(SUPPLIED DATA)
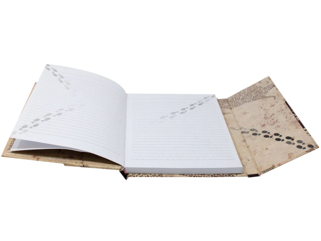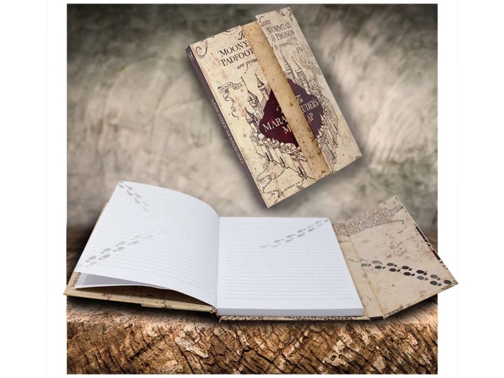 Poznámkový blok A5 s grafikou Pobertova plánku. Tento zápisník se otevírá jako mapa odhalující uvnitř linkovaný papír. Magnetický kryt, který se magicky zaklapne.
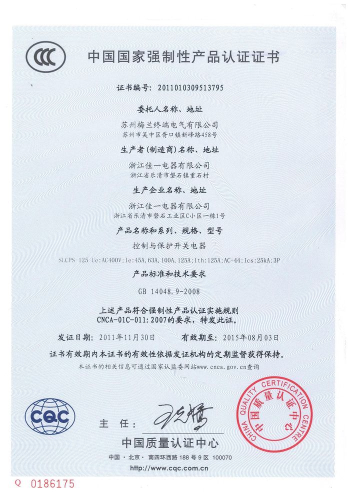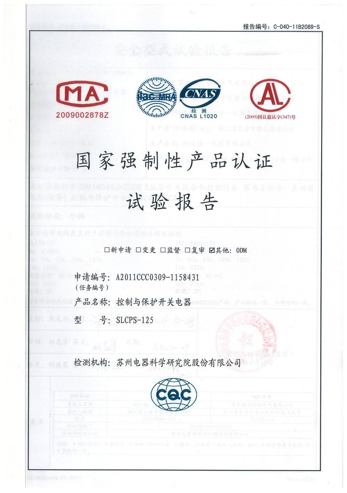 SLCPS-125控制與保護(hù)開(kāi)關(guān)資質(zhì)證書(shū)
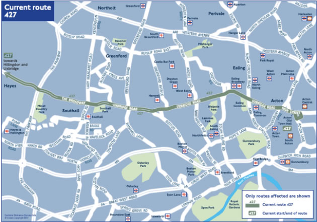 Bus services along the Uxbridge Road and Ealing and Acton have been reduced after TfL changed the route of the 427 bus.
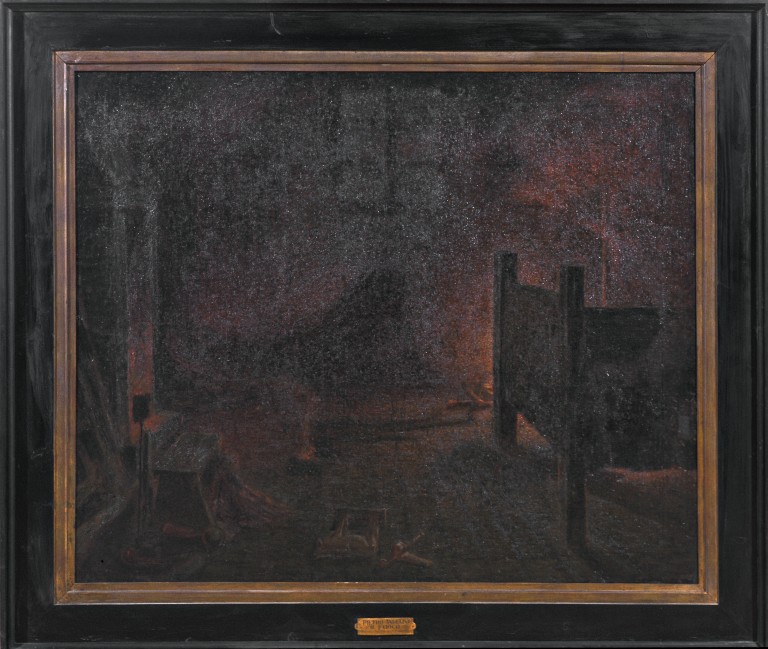 Interno di camera al buio illuminata dai bagliori di luce rossa del camino.
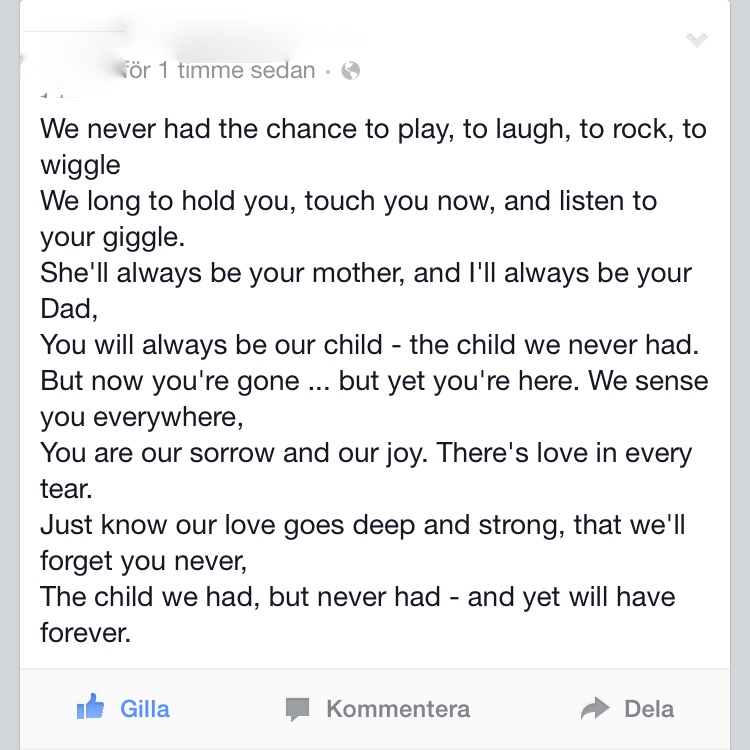 Skönt att man i alla fall har varandra genom det hela. Det var jobbigt igår men samtidigt försökte vi tänka på honom på ett positivt sätt och komma ihåg hur fin han var. Juan är inte den som lätt visar känslor utåt (även om han är väldigt känslig), så igår blev svårt för honom när han väl valde att öppna upp sig. Det blir nog så när man trycker ner en massa känslor under en viss tid. Jag själv bröt ihop dagen innan, vilket faktiskt kändes nästan skönt, som en lättnad. Jag ville inte bryta ihop på just årsdagen, då ville jag försöka tänka på honom och glädja mig för den lilla stund vi hade. Även om det var otroligt svårt och en massa tårar kom igår ändå, kändes dagen ändå fin på något vis. Såg att Juan senare la en dikt på fb som kändes skönt att läsa och att han valde just den. Det kändes som en bekräftelse på att vår pojke aldrig någonsin blir glömd och att han alltid finns i våra hjärtan. Att vi går genom detta tillsammans och att det är inte bara är mina känslor, utan våra.
(End SUPPLIED DATA)
What is needed is an exact copy of the lines from the start of the records through the line containing "Interno di camera", with no pictures.

 Poznámkový blok A5 s grafikou Pobertova plánku. Tento zápisník se otevírá jako mapa odhalující uvnitř linkovaný papír. Magnetický kryt, který se magicky zaklapne.
 SLCPS-125控制與保護(hù)開(kāi)關(guān)資質(zhì)證書(shū)
 Bus services along the Uxbridge Road and Ealing and Acton have been reduced after TfL changed the route of the 427 bus.
 Interno di camera al buio illuminata dai bagliori di luce rossa del camino.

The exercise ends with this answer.